__DATASET CONTENT__:
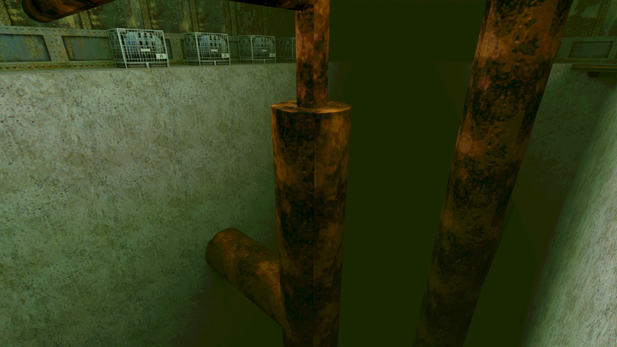 Вот мы под водой, тут у нас, как ни странно, вполне внятные и логичные проходы. Вот у стены стоят контейнеры с оборудованием. Ну и, разумеется, трубы. Они уходят куда-то глубже. Но насколько глубоко?
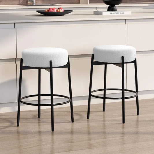 Swivel Round Barstools 24" Teddy Wool Upholstered Set of 2
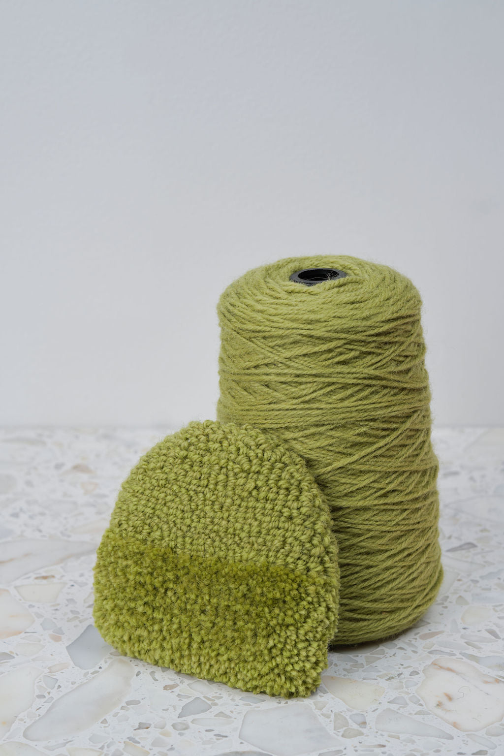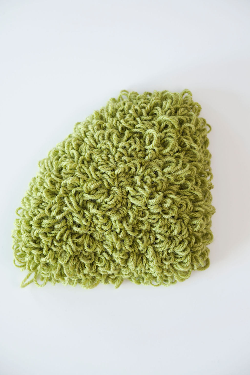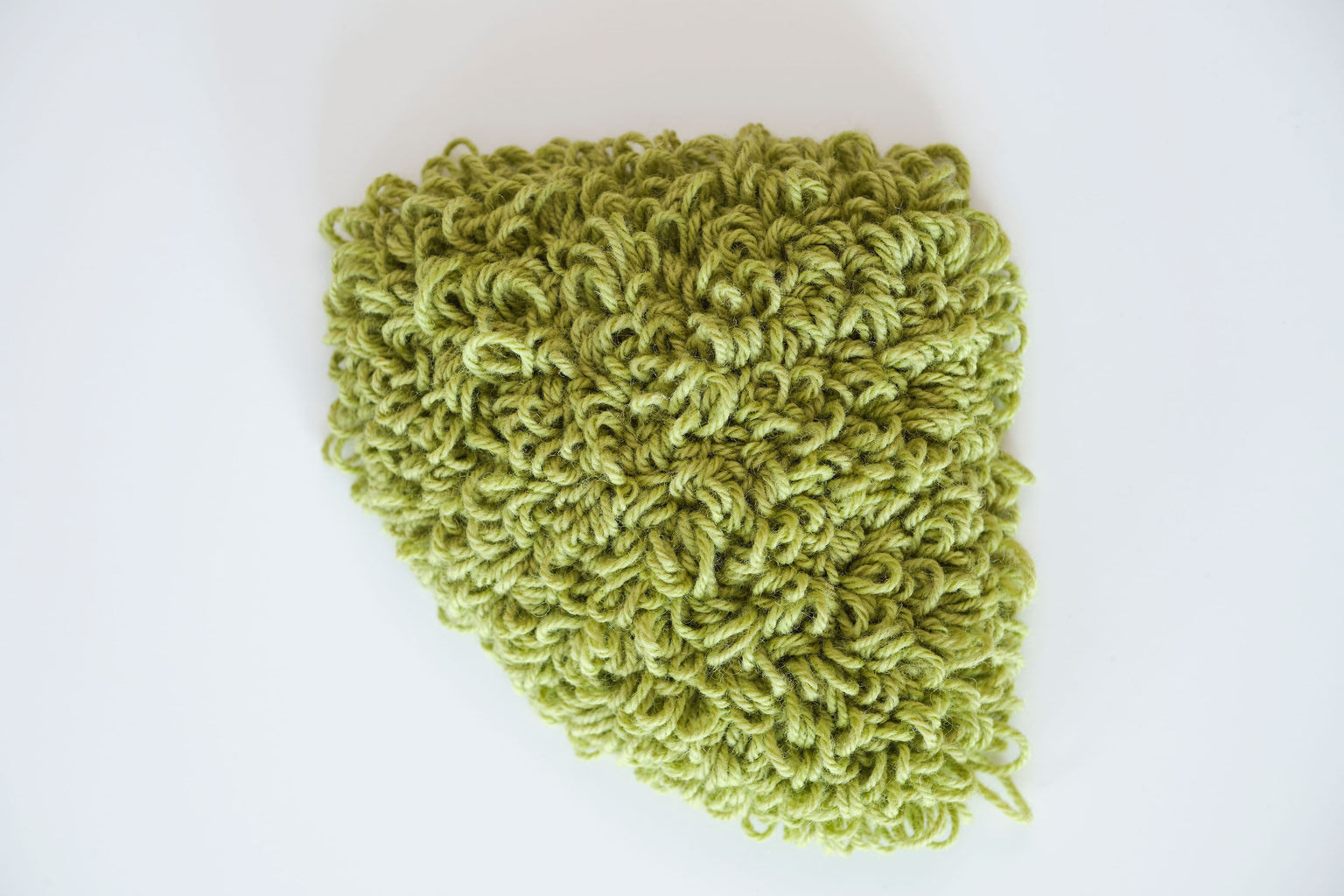 Teoksen pinta koostuu korkeasta silmukkapinnasta.
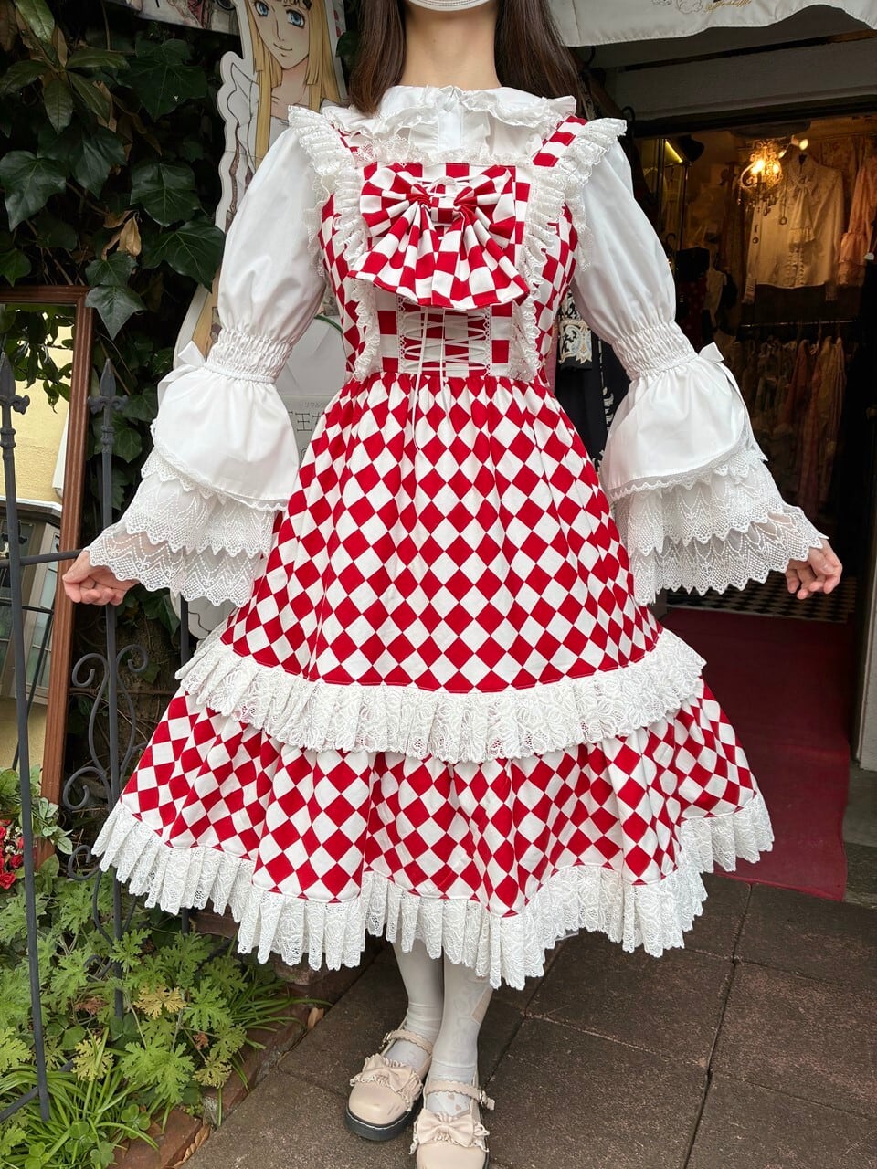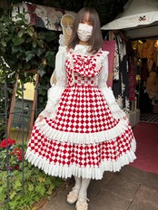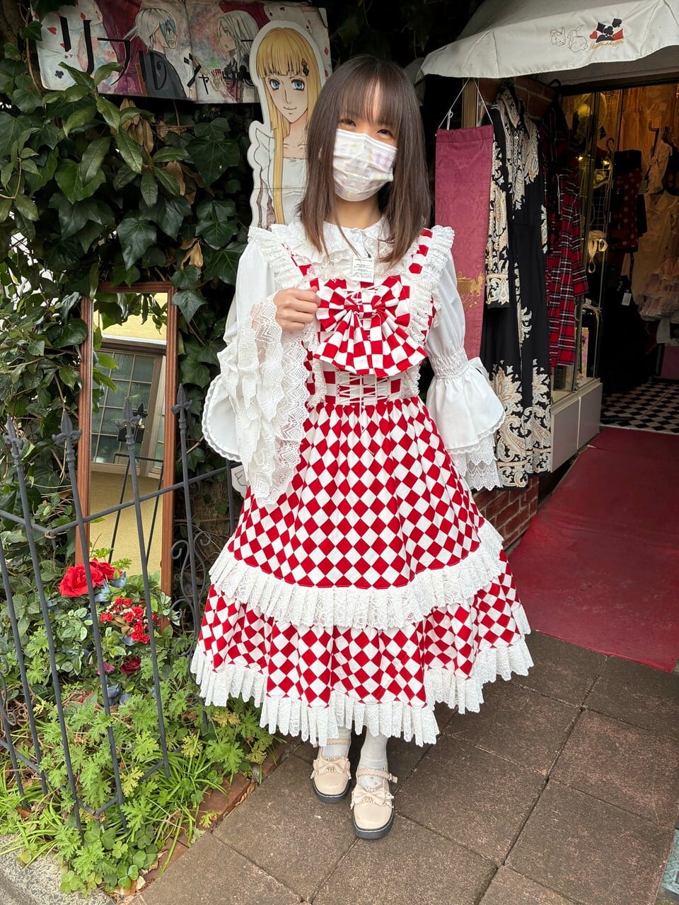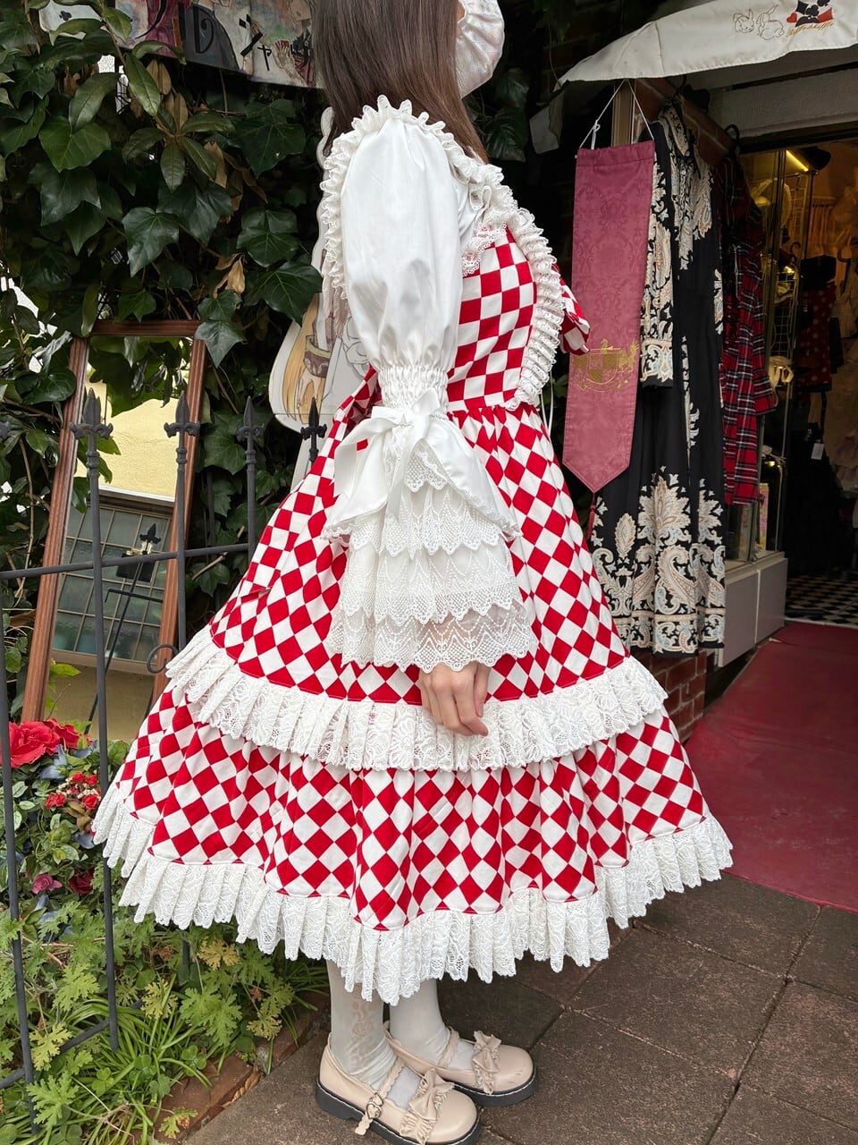 赤と白のダイヤチェック柄が、トランプの世界を連想させまます。

__ACTION ITEM__: An exact copy is needed of only the lines from the top of the material through the line with "Teoksen pinta koostuu"; no pictures belong in it.

__RESPONSE AREA__:
 Вот мы под водой, тут у нас, как ни странно, вполне внятные и логичные проходы. Вот у стены стоят контейнеры с оборудованием. Ну и, разумеется, трубы. Они уходят куда-то глубже. Но насколько глубоко?
 Swivel Round Barstools 24" Teddy Wool Upholstered Set of 2
 Teoksen pinta koostuu korkeasta silmukkapinnasta.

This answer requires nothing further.